“Billiard Player Song” ferociously introduced Shellac to the world
In Hear This, A.V. Club writers sing the praises of songs they know well—some inspired by a weekly theme and some not, but always songs worth hearing.
Twenty years ago this October, Shellac announced itself to the world with a three-song 7-inch on Touch And Go Records entitled The Rude Gesture: A Pictorial History. Guitarist-vocalist Steve Albini had been an outspoken presence in independent music for more than a decade by that point, and Shellac wouldn’t stray from the abrasive, biting style of his shorter-lived previous bands, Big Black and Rapeman. But Albini would find a lasting home in Shellac, thanks to the chemistry he has with drummer Todd Trainer and bassist Bob Weston. The three of them together create a sound that is unmistakably their own, as unique as a fingerprint: Albini’s tinny, twisted guitar and everyman voice, Trainer’s thunderous drumming, and Weston’s huge-sounding bass, which locks in with Trainer for one of the best rhythm sections in rock.
It’s all there on the ferocious “Billiard Player Song,” which closes The Rude Gesture. Albini’s stuttering guitar opens before Trainer and Weston join, but shortly after everything kicks in, it all slows to a crawl, as Trainer punctuates and embellishes Albini’s and Weston’s breaks. The song lurches back and forth repeatedly as Albini describes another one of his damaged male protagonists. (Much of Shellac’s catalogue fits thematically under “the evil that men do.”) “He lied to her,” Albini barks at the end of the song. “He lied to her, with a perfectly straight face / She believed him.”

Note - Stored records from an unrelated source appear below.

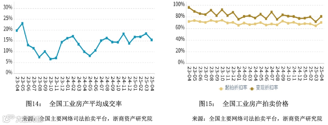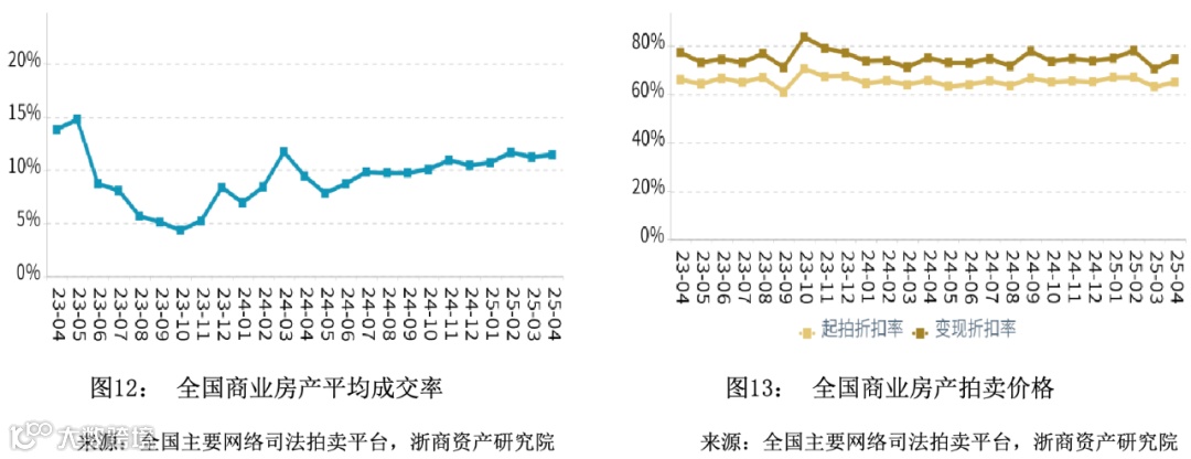 在成交率方面,2025年4月全国商业平均成交率微幅上升,平均水平高于同期。在拍卖价格方面,2025年4月全国商业平均变现折扣率微幅上升,平均水平低于同期。变现价相对于起拍价的溢价幅度相比于同期有所扩大。
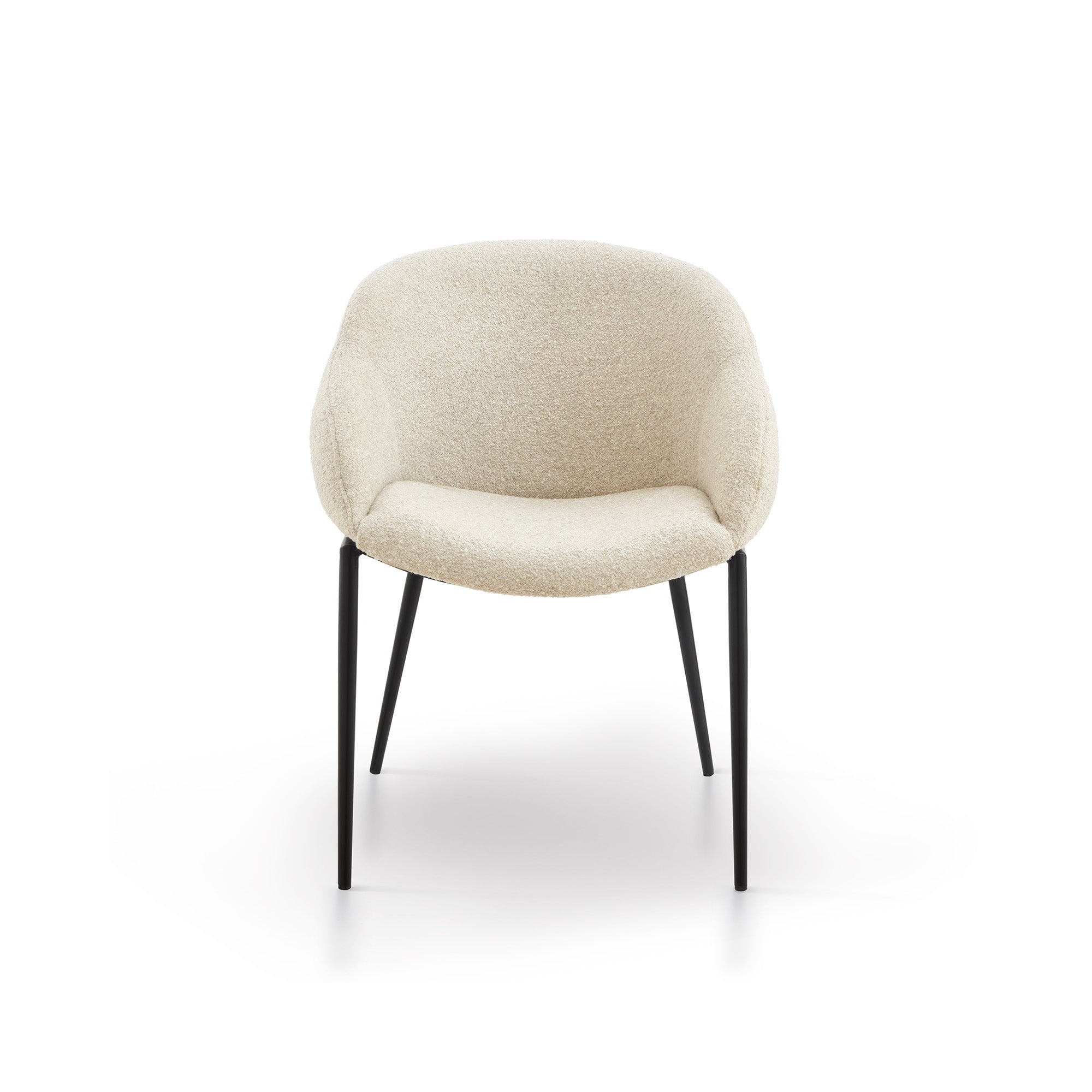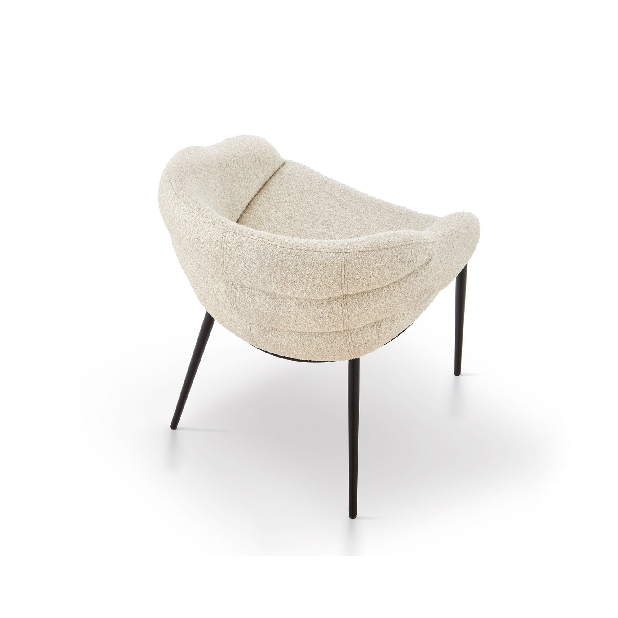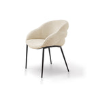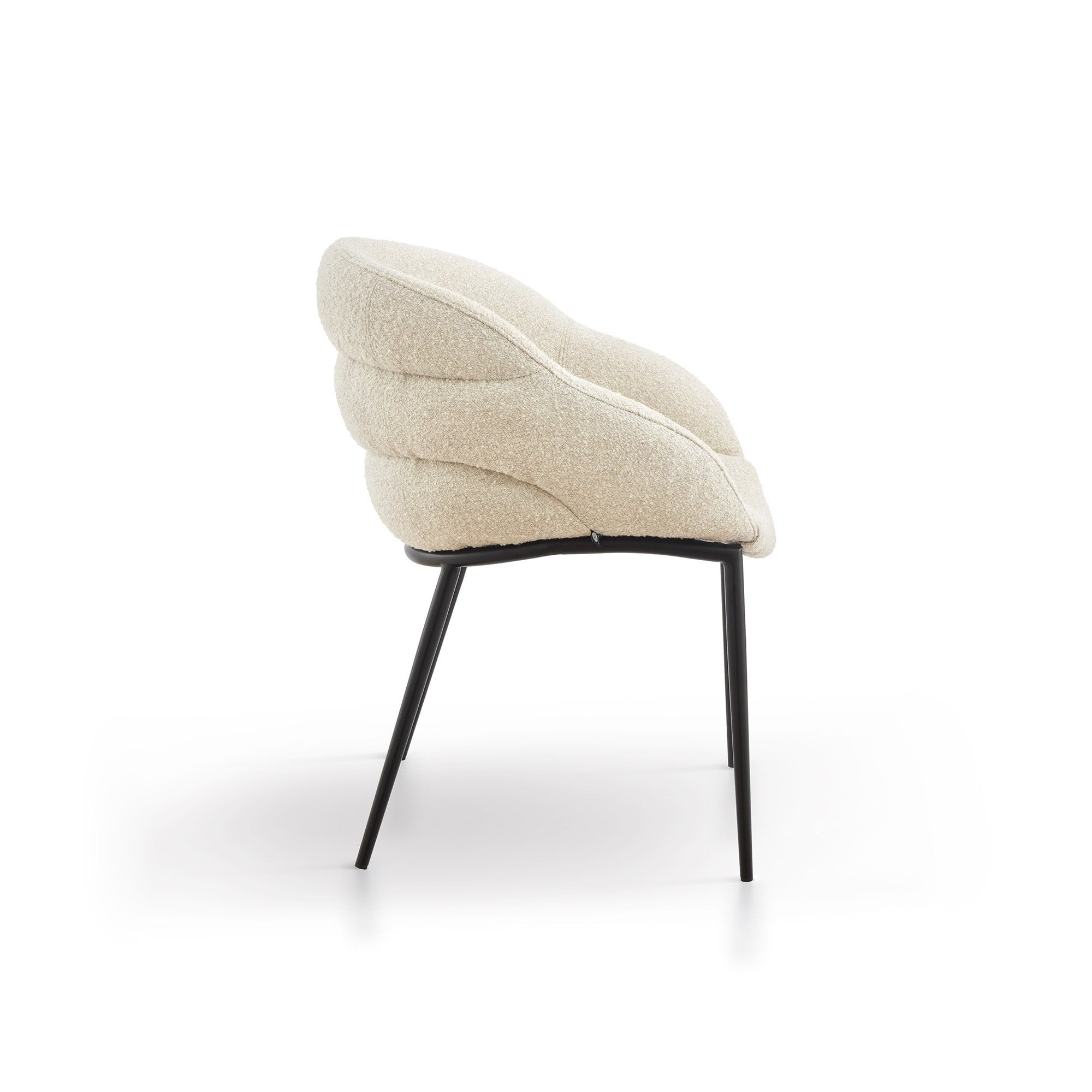 The Amber Dining Chair exudes elegance and comfort with its Colman Pearl boucle fabric and sleek matt black steel legs. The soft, textured fabric offers a unique tactile experience, while subtle channel stitching on the back elevates its sophisticated appeal, perfect for any dining occasion.
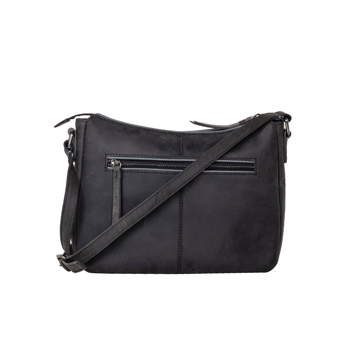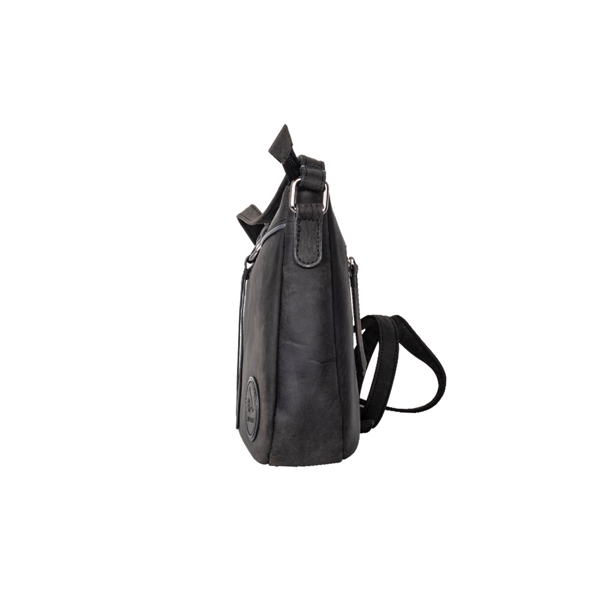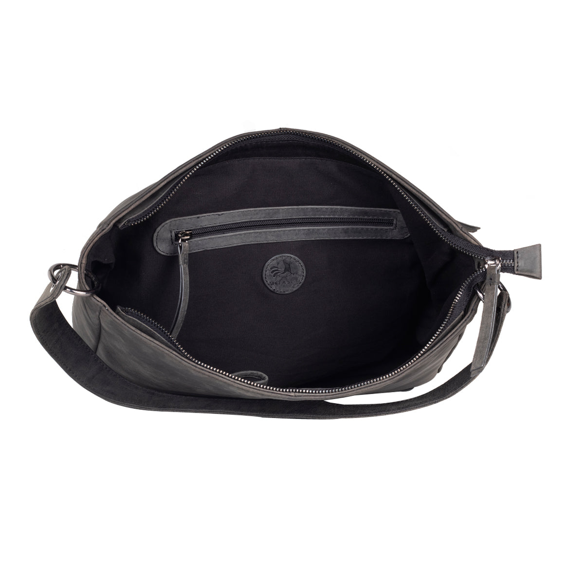 • Die Ledertasche für Damen in schwarz mit grauem-kick ist mit ihrem schlichten Designe der perfekte Begleiter für einen kleinen Stadtbummel oder einen eleganten Abend.

Twenty years later, “Billiard Player Song” qualifies as one of Shellac’s more straight-forward songs; it doesn’t quite have a verse-chorus structure, but it doesn’t veer into the repetitive minimalism (like “Didn’t We Deserve A Look At You The Way You Really Are” from 1998’s Terraform), bizarre conceptualism (like “New Number Order” from 2000’s 1,000 Hurts), or general esoterica that Shellac has gleefully explored over its subsequent albums. But “Billiard Player Song” remains a staple of live performances, and one of the finest songs in Shellac’s catalogue.